Katie Flory is the community care and advocacy director at the Maryland SPCA in Baltimore. “The true definition of no-kill is that you are saving over 90% of the animals that come through your door,” Flory said. “Our live release rate fluctuates between 92% and 96%.”
Live release means that an animal is adopted, reclaimed by owners or transferred to another shelter. Flory said there are two reasons the other animals cannot be adopted out.
“Either they are so ill that their quality of life is suffering or they are aggressive to the point that it would be dangerous and irresponsible to put them out into the community,” Flory said.
The SPCA in Baltimore is a private shelter — they do not have to take in every animal that enters their doors. But other shelters, such as Cecil County Animal Services, are open-admission and are obligated to take in every animal that needs refuge.
Cecil has kept its euthanization rate to only 5% for dogs and 7% for cats. It has the highest live release number for an open shelter in the state of Maryland.
“Pandemic puppies” returned to shelters
Abigail Bingham directs animal services at Cecil. She said that the shelter is short staffed and can find itself overwhelmed by the amount of animals confined in such a small space. Because of the large number of cats and kittens the shelter is currently holding, Cecil also offers free cat adoptions, which includes vaccinations, spay and neutering and microchipping.
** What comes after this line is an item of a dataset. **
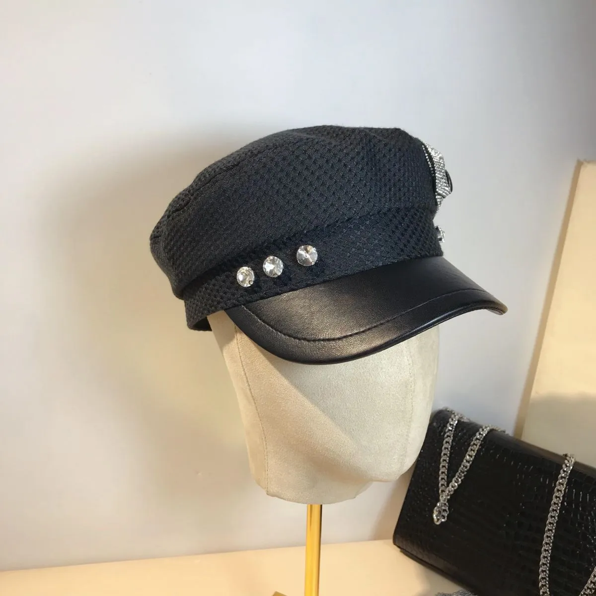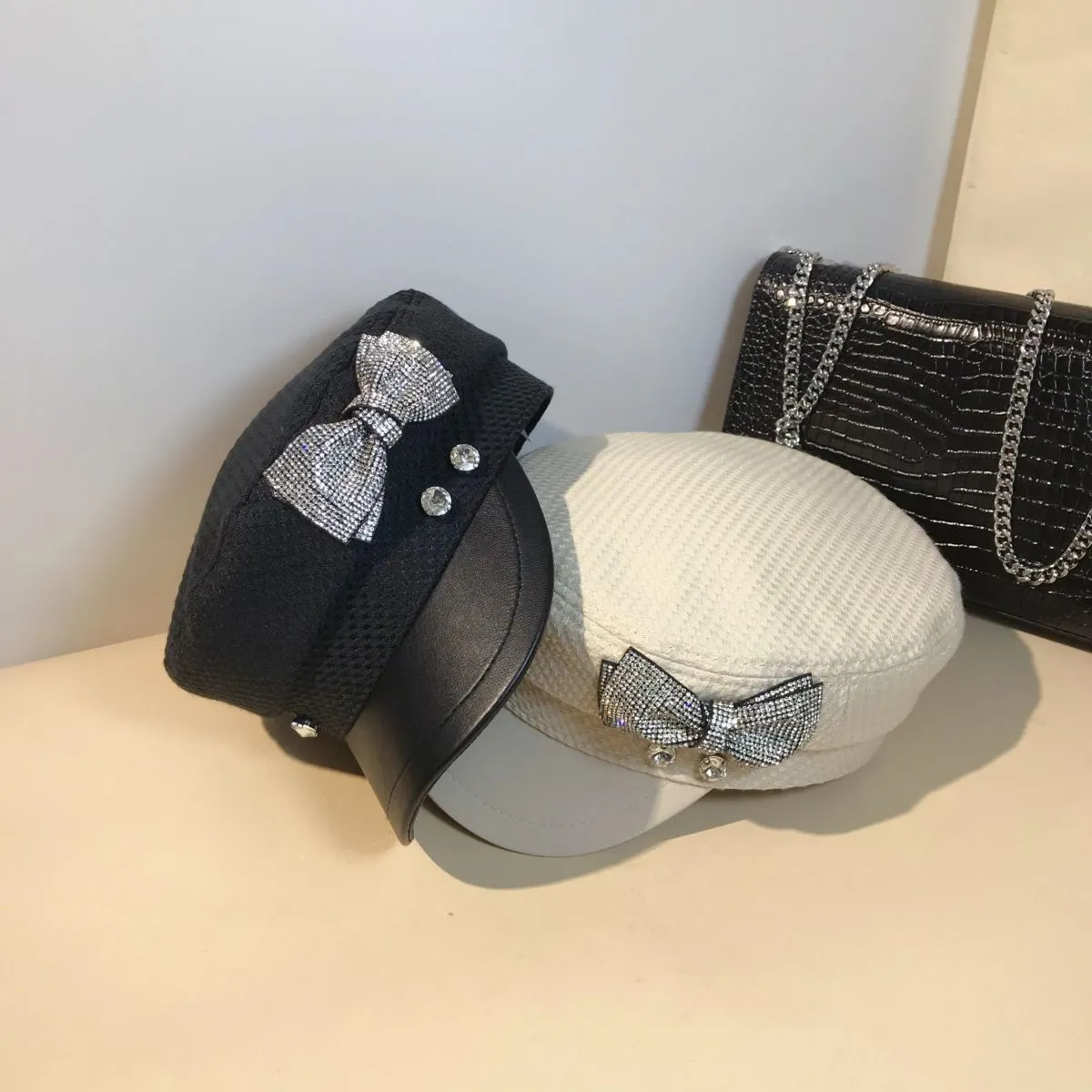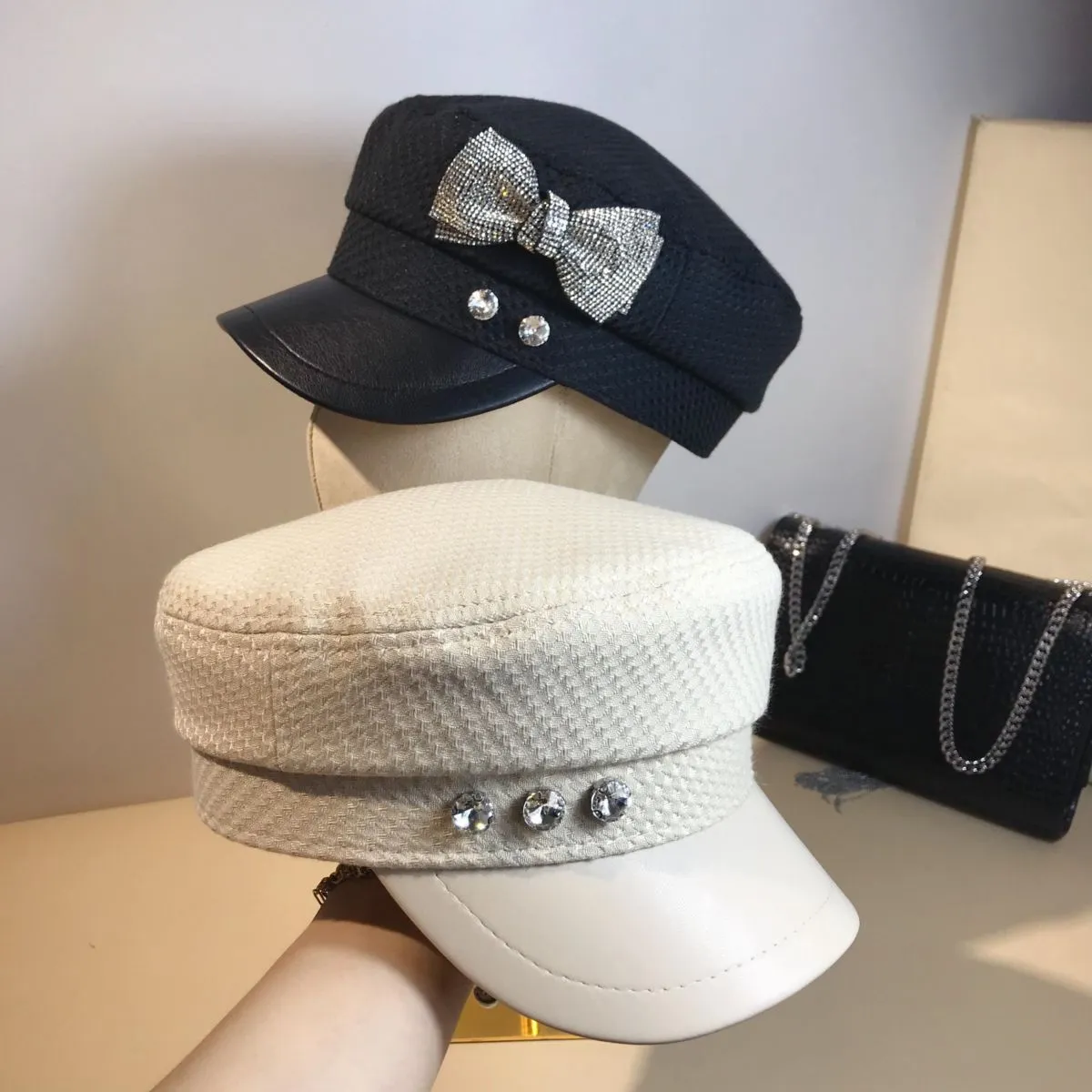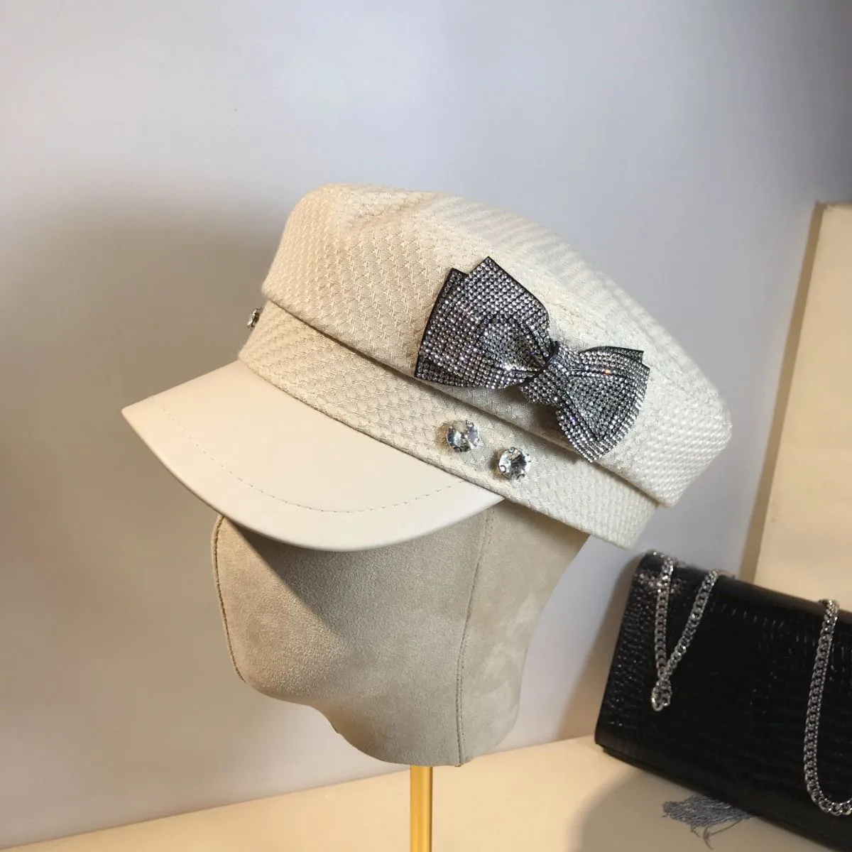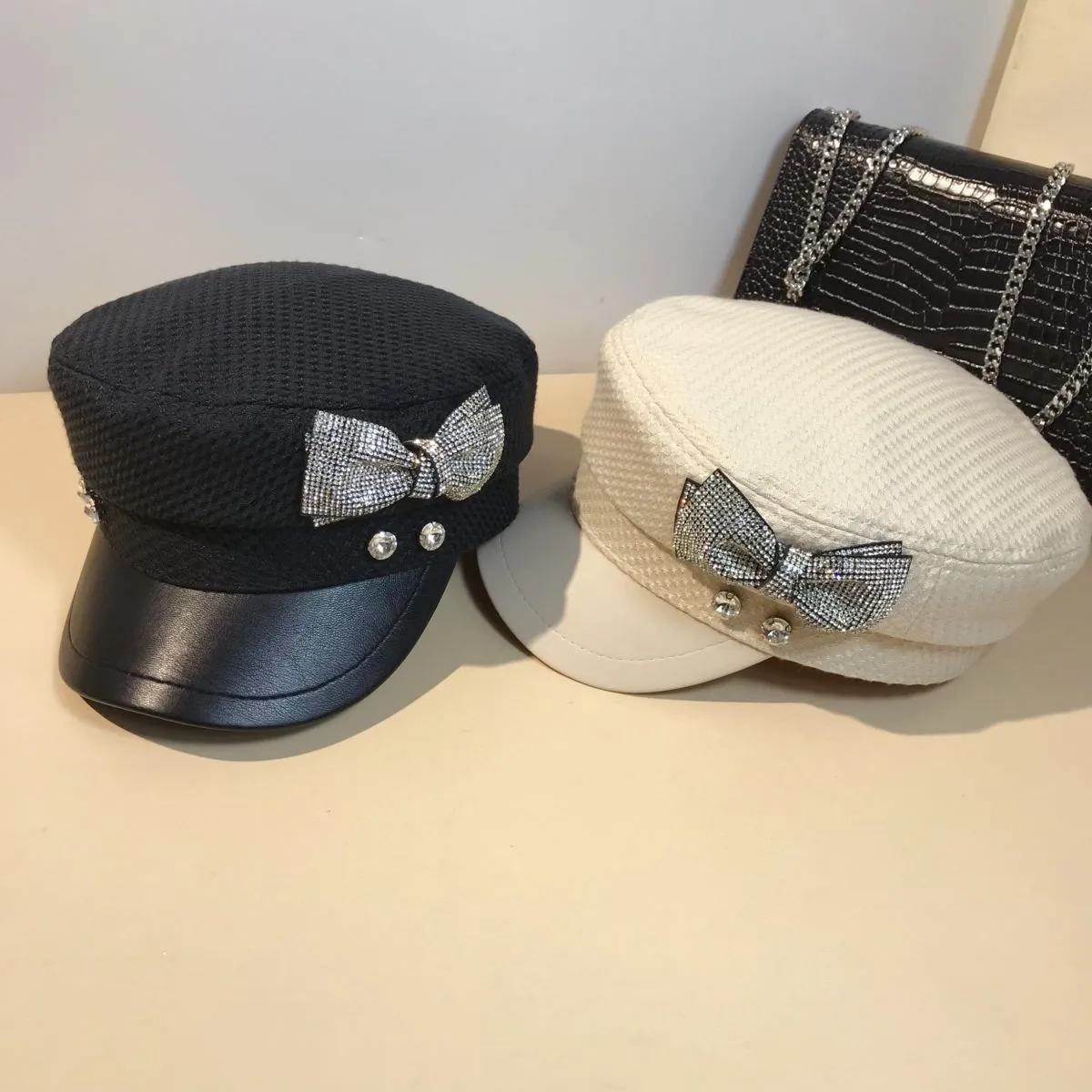 Splicing Socialite Flat Top Rhinestone Bow Navy Hat Female

Once COVID emerged in the U.S., the amount of people opening up their homes to pets dramatically increased. According to the ASPCA, more than 23 million U.S. families adopted a pet during the course of the pandemic.
Although this spike in adoptions may be viewed as a good thing for Maryland shelters, many new pet owners failed to understand the full impact that caring for an animal had on their day-to-day lives once they started going back to work. Some might not have realized the long term costs.
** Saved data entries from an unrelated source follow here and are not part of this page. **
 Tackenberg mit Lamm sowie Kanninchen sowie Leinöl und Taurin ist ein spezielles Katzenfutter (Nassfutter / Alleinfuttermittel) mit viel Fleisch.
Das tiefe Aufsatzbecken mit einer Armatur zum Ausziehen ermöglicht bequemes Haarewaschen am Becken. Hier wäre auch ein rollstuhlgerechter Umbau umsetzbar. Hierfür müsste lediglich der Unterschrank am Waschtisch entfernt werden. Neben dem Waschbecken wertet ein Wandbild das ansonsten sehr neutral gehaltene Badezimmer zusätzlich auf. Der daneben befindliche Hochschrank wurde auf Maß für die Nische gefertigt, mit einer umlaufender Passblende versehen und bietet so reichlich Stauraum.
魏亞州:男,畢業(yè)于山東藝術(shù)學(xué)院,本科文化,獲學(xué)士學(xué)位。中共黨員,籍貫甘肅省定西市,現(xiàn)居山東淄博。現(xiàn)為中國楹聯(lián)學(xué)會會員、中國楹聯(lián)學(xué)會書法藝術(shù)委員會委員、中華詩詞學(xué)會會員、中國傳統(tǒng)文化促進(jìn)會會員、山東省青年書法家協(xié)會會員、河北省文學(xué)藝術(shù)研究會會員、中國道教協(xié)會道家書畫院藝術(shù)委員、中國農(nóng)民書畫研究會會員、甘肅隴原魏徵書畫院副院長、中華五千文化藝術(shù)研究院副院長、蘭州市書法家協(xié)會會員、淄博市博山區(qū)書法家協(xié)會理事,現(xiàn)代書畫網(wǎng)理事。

According to ASPCA Pet Heath Insurance, a partnership between the ASPCA and PTZ Insurance Agency, Ltd., owning a large dog can cost pet owners as much as $1,000 a year — more if you add on the costs of a dog walker/sitter, costs of damage your dog causes or unexpected medical expenses.
Most dogs that were born during quarantine — also known as ‘pandemic puppies’ — lack traditional training and social skills, which now leaves many dogs with extra stress and separation anxiety. This makes it that much harder to find homes for them.
Oversupply of animals, too few veterinarians
To add to this, due to a shortage of veterinarians during the lockdown, the amount of spay surgeries performed dramatically decreased. This exacerbated the problem in underfunded shelters.
Katie Dixon, the Humane Society’s shelter director in Baltimore, said that the organization has seen an increase in owners taking their adopted pets back to shelters.
Even though both the SPCA in Baltimore and the Cecil County shelter have given their best efforts into ensuring that as many animals as possible leave their shelters alive, the number of abandoned animals continues to increase. So could there be a better solution?
Germany has the largest animal shelter in Europe. Tierschutzverein für Berlin accommodates more than 2,000 animals both small and large.
Even if an animal is never adopted from there, it can spend the rest of its life living in an environment where it is properly cared for. They have an animal protection farm for livestock and their own veterinary practice.
Although surely expensive, would it not make more sense for us to create more of these animal sanctuaries in our own communities instead of spending so much money on a temporary solution such as euthanasia?
At Maryland SPCA, Flory says that keeping an animal healthy and mentally stable is difficult in a shelter environment, without enough funding. “Until the government places importance on this issue I don’t see it happening in many places,” Flory said.
Three questions to consider:
- Why can’t we find homes for all homeless pets?
- How did the Covid pandemic affect the number of pets needing homes?
- What are some ways we can reduce the number of abandoned pets without killing them?
Riya Patel is a student at the Tatnall School in the U.S. state of Delaware. Riya likes reading and painting and plans to go to university to study biomedical engineering.